Exercise aim: Copy out the data below from the line containing "Free People Back-lace" to the line containing "Boxplot illustrating group", both lines included, with all images left out.

Records for this exercise:
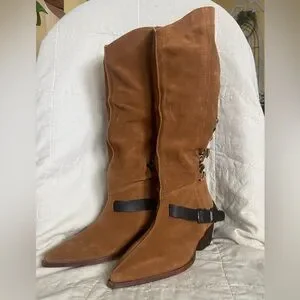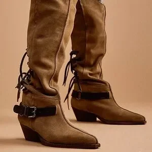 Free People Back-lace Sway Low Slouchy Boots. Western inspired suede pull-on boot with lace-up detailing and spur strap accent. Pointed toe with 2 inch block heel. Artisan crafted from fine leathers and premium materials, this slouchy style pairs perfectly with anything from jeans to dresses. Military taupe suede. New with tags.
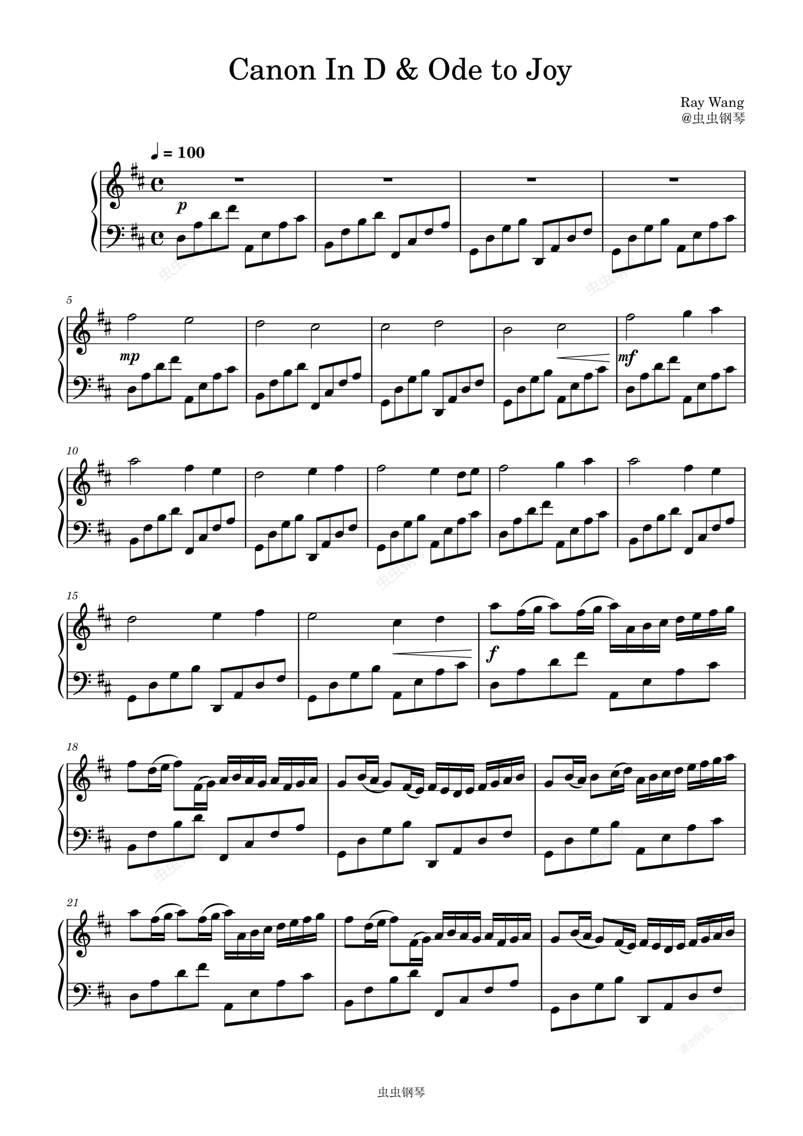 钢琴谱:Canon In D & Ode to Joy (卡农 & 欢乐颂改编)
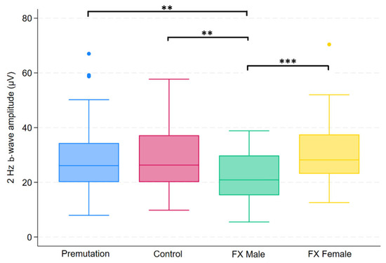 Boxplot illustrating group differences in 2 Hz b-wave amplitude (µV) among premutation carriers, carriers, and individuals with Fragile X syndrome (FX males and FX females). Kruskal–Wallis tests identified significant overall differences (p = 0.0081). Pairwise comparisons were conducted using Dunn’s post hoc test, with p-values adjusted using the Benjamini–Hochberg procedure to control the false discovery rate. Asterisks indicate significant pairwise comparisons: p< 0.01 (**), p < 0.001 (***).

* * *

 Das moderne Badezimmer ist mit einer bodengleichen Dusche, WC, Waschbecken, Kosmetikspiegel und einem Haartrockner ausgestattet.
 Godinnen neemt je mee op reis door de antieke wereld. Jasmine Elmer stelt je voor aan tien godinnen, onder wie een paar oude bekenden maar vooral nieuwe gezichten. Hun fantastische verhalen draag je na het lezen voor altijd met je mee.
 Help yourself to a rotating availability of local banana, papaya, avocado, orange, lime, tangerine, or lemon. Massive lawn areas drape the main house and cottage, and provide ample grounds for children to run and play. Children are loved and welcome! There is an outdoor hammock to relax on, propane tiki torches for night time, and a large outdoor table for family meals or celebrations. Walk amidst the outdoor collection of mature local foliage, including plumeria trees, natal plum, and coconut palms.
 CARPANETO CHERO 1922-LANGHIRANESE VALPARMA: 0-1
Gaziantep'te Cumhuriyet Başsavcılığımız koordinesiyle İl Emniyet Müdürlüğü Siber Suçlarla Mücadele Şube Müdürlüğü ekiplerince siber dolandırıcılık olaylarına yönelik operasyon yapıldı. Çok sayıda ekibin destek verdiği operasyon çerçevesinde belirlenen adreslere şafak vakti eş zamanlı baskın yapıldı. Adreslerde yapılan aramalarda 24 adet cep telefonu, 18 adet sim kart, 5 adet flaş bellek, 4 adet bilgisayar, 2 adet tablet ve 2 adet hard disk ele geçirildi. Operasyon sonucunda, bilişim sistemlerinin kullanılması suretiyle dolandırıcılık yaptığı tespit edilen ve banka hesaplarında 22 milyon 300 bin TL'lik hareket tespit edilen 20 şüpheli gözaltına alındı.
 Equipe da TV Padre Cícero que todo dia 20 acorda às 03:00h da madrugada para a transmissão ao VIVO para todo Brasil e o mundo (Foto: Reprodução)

Result of this task:
 Free People Back-lace Sway Low Slouchy Boots. Western inspired suede pull-on boot with lace-up detailing and spur strap accent. Pointed toe with 2 inch block heel. Artisan crafted from fine leathers and premium materials, this slouchy style pairs perfectly with anything from jeans to dresses. Military taupe suede. New with tags.
 钢琴谱:Canon In D & Ode to Joy (卡农 & 欢乐颂改编)
 Boxplot illustrating group differences in 2 Hz b-wave amplitude (µV) among premutation carriers, carriers, and individuals with Fragile X syndrome (FX males and FX females). Kruskal–Wallis tests identified significant overall differences (p = 0.0081). Pairwise comparisons were conducted using Dunn’s post hoc test, with p-values adjusted using the Benjamini–Hochberg procedure to control the false discovery rate. Asterisks indicate significant pairwise comparisons: p< 0.01 (**), p < 0.001 (***).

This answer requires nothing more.